Salaam Middle Eastern Music Ensemble, a musical group specializing in north African and Middle Eastern music, performed after the talk. A reception followed the talk and performance.
McDonald started by reminding the audience that it was a “casual talk,” not a lecture, and encouraged audience interaction.
He showed a video of an artist performing onstage during the Tahrir Square protests and discussed the traits of a successful protest song, such as short phrases and simple melodies.
Call-and-response songs, McDonald said, are powerful because they are participatory and mimic the intentions of the movement at large.
“A song like this is both reflective and generative,” McDonald said, because the act of singing together reflects already-present sentiment and also generates unity.
Rhythm also plays an important role in protest music as listeners are “compelled to be together as one singular body,” McDonald said.
The collaboration of musicians and poets creates the most powerful music, McDonald added.
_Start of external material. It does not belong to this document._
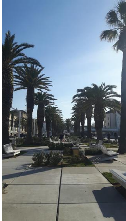
Sl. 29. Riva (zeleni dio uz more), 16. 1. 2020.

“If the rhythm gets people to move collectively, the poetry gets people to think collectively,” McDonald said.
After the talk, the Salaam band performed some of the songs McDonald had
Dena El Saffar, who sang and played violin and lute, said the ensemble normally steers away from politics but found the spirit of the songs very uplifting.
“We actually found out that there’s a lot of political and protest music that’s not divisive and that’s very unifying and has a message that you can’t argue with,” El Saffar said.
Battina Borhan, who watched the event, said the music presented was simpler and much less somber than she expected.
“They were able to siphon out hidden emotions,” Borhan said. “All they did was take emotions out (of the audience) with that music.”
Juliet Istrabadi, curator of the Art of the Ancient World Exhibit at the museum, said this is the third year the museum has had this event.
The sponsors, which include the Center for the Study of the Middle East, Center for the Study of Global Change, Department of Folklore and Ethnomusicology and Department of Near Eastern Languages and Cultures, all helped make the event happen.
“It’s been successful three years running now,” Istrabadi said.